Informasi tersebut disampaikan oleh Acek Kusuma, Direktur APMP Jatim, yang menyebut aksi ini merupakan kelanjutan dari penyampaian aspirasi sebelumnya terkait dugaan persoalan penyaluran kredit dan tata kelola Bank Jatim.
Berdasarkan materi seruan aksi yang disampaikan, APMP Jatim mengangkat isu dugaan kredit bermasalah, dugaan praktik kredit nakal, serta dugaan skandal korupsi Bank Jatim dengan nilai yang disebut mencapai Rp596 miliar pada periode 2024–2025.
Acek Kusuma menyampaikan, massa APMP Jatim akan mendatangi Kantor Pusat Bank Jatim sebagai titik pertama. Dalam materi aksi, lokasi tersebut disebut menjadi sasaran untuk menyoroti dugaan persoalan kredit yang dinilai perlu dibuka secara transparan kepada publik.
Selanjutnya, massa akan bergerak ke kawasan Gedung Negara Grahadi. Titik kedua ini disebut menjadi tempat penyampaian desakan kepada pemerintah provinsi agar memberikan perhatian terhadap dugaan persoalan yang berkaitan dengan bank milik daerah tersebut.
“Ini merupakan aksi jilid III. Kami ingin persoalan yang kami soroti tidak berhenti sebagai isu, tetapi mendapat perhatian dan tindak lanjut dari pihak berwenang,” demikian substansi penyampaian informasi Acek Kusuma dalam materi aksi tersebut.
Dalam keterangan dan materi yang disampaikan APMP Jatim, terdapat sorotan terhadap dugaan penyaluran kredit bermasalah yang disebut berpotensi menimbulkan kerugian keuangan daerah.
APMP Jatim juga menyinggung dugaan adanya fasilitas kredit yang tidak berjalan sebagaimana mestinya, termasuk dugaan persoalan pengembalian dana serta pihak-pihak yang dinilai perlu dimintai pertanggungjawaban.

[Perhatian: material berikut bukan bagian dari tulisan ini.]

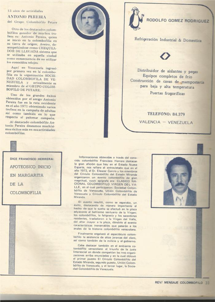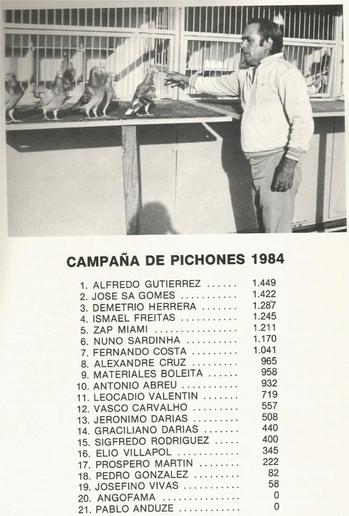 Alfredo Gutierrez, gran colombofilo desde que era un niño, cultivador de las palomas "CARRILLO" traídas de su tierra natal Tenerife y de las antiguas palomas cubanas Stassart de Perez Lerena y los Stassart de Charles Heiman importadas por el Sr. Pedro Lopez de Kentucky (EEUU). Viajó en las tres Sociedades existentes en Caracas, La Sociedad, La Unión y el Grupo de Petare. Persona humilde que luchó por sacar una familia, su esposa una gran señora y sus tres hijas. Practico la lucha Canaria durante varios años y era un personaje de respeto. En mi confianza que tenía con el le solía llamar el mudo porque hablaba hasta por los codos. Sus palomas formaban parte de la familia. Después de mas de 30 años viviendo en Venezuela , visitó su tierra natal Tenerife y trajo casi toda su reproducción para venderla, después de un corto período regreso para Venezuela y dos meses después nos llegó la desagradable noticia de su muerte. Aun existen palomas con la marca Alfredo Gutierrez y con muy buenos resultados. En la foto que verán a continuación lo podrán ver en su palomar en la zona de Petare, Venezuela y celebrando su campeonato de pichones en la Unión Colombofila De Venezuela.

Meski demikian, seluruh tudingan tersebut masih merupakan klaim dan materi aspirasi yang disampaikan APMP Jatim. Kebenaran serta konstruksi hukumnya tetap memerlukan pemeriksaan dan pembuktian oleh aparat penegak hukum maupun lembaga berwenang.
Acek Kusuma menyampaikan bahwa aksi tersebut menjadi bentuk desakan agar dugaan persoalan Bank Jatim dapat ditangani secara terbuka. APMP Jatim meminta agar setiap indikasi pelanggaran ditelusuri dan apabila ditemukan unsur pidana, diproses sesuai ketentuan hukum yang berlaku.
Kelompok tersebut juga menekankan pentingnya transparansi dalam pengelolaan lembaga keuangan daerah, mengingat Bank Jatim memiliki keterkaitan dengan kepentingan publik dan pengelolaan aset daerah.
Hingga berita ini ditulis, belum terdapat tanggapan resmi dari manajemen Bank Jatim maupun Pemerintah Provinsi Jawa Timur terkait seluruh tudingan yang disampaikan APMP Jatim melalui Acek Kusuma.